Hopefully they would not meet the same fate.
Her friends stood in a loose ring within the crumbled wall, Gavin in the center. The boy held the soulblade Truthseeker in his right hand, and to Calliande’s Sight the weapon blazed with power. On his left arm he held a shield of dwarven steel he had found in Khald Azalar and taken from the ruined city. His brown eyes were hard and determined beneath his mop of curly brown hair, and the soulblade did not waver in his hand as he faced his opponent.
He looked less and less like a boy every day.
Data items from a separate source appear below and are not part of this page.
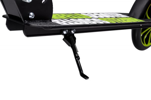 Для контроля над ездой и быстрой остановки, в конструкции предусмотрен ножной тормоз, который не нагревается и также является задним крылом. Стоит отметить наличие удобной выдвигающейся подножки, которая оставляет стоять самокат неподвижно на месте в разложенном состоянии.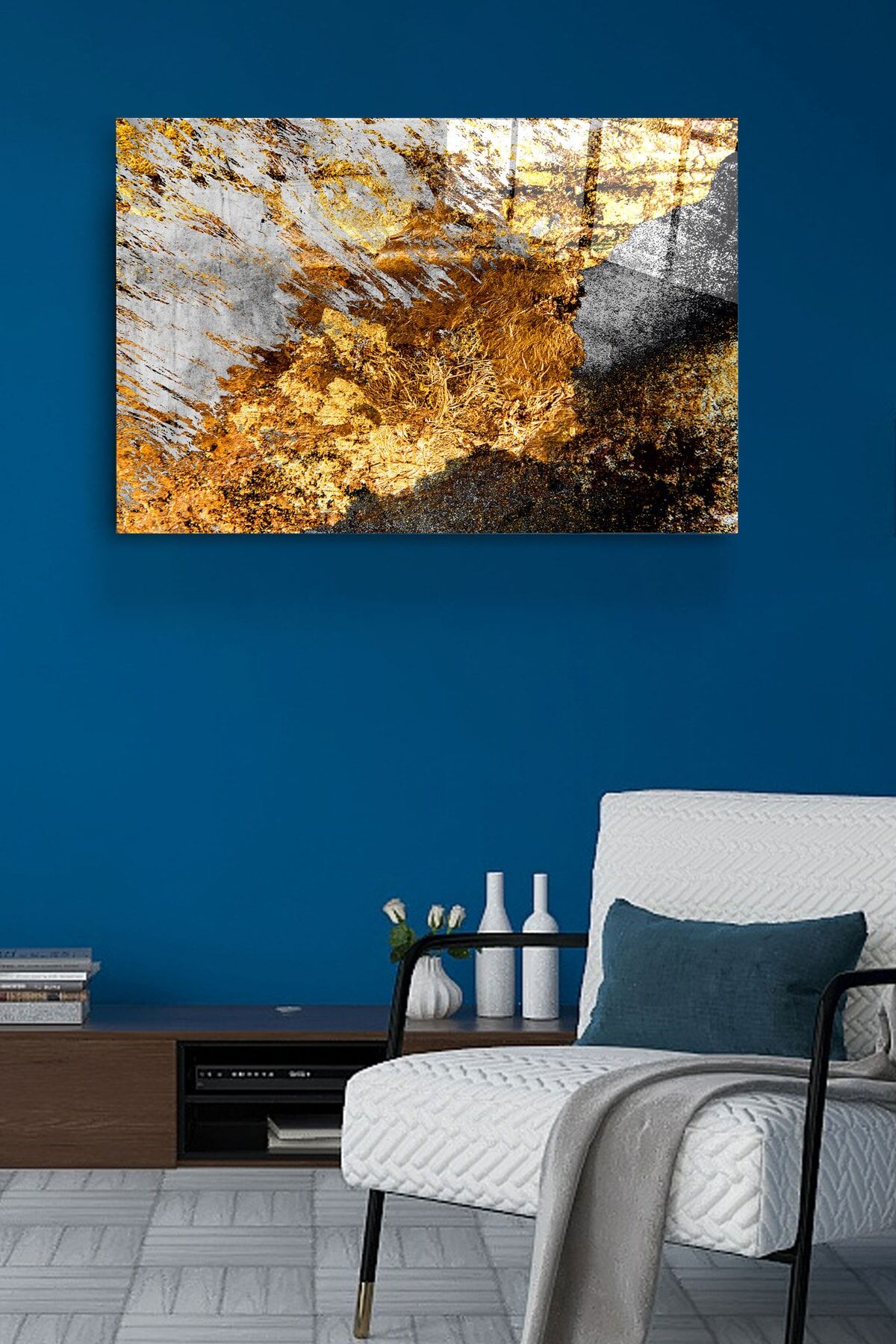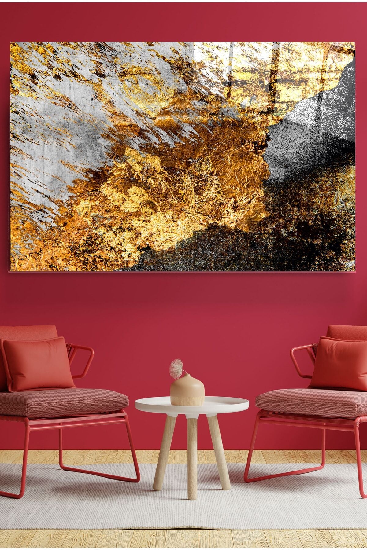 Gold Detay Soyut Cam Tablo, Dekoratif Cam Tablo
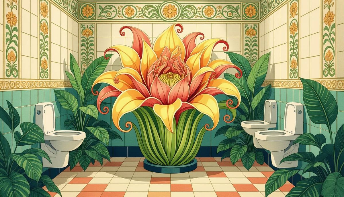 A vibrant carnivorous plant dominates a dilapidated public restroom overtaken by tropical foliage. The image is rendered with ornate Art Nouveau elements and floral motifs, using light matte gouache watercolors.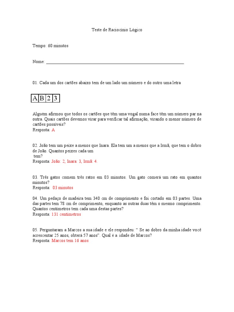 Teste De Raciocinio Logico Gabarito from imgv2-1-f.scribdassets.com Envolvem piqueniques, galinheiros e conquistas noturnas. Perguntas com respostas dissertativas e/ou. Reunimos os especialistas em matemática e raciocínio lógico para concursos conteúdo online com videoaulas e material de apoio.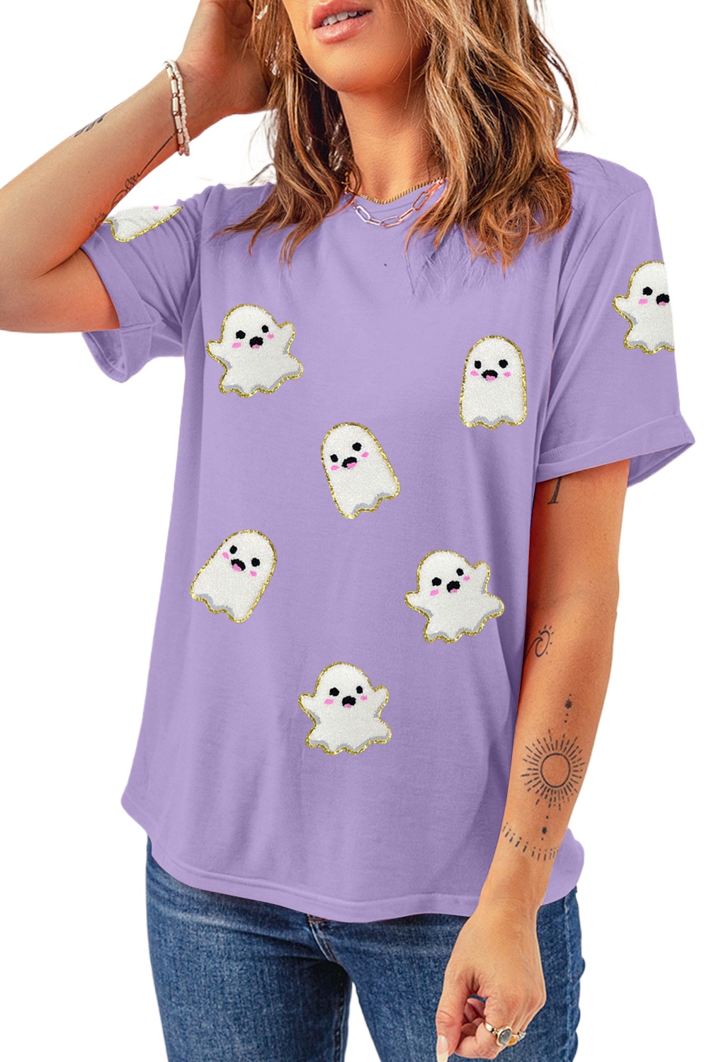 1. **Spooktacular Design**: The Wisteria Glitter Trim Chenille Ghost Patched Halloween Graphic Tee features an eye-catching ghost patch design that adds a playful touch to your Halloween wardrobe, making it perfect for festive celebrations.

He stood facing Kharlacht, a towering orcish warrior in blue dark elven armor, a greatsword of the same steel in his hands. Kharlacht’s face was stern and impassive behind his tusks, his head shaved save for a single warrior’s topknot. Jager leaned against the wall and watched the fight, wearing his usual boots and trousers and black leather vest over a crisp white shirt, his expression amused. Brother Caius stood next to him, solemn in his brown robes, a wooden cross hanging from his neck. Antenora watched the fight like a ragged shadow in her long black coat and vest, both gloved hands wrapped around her charred staff, her harsh yellow eyes fixed upon Gavin. Sir Arandar stood halfway between Kharlacht and Gavin, his beaked nose making him look like a fierce bird of prey, his black hair shot through with gray at the temples.
“Again,” said Arandar. “You did well that time.”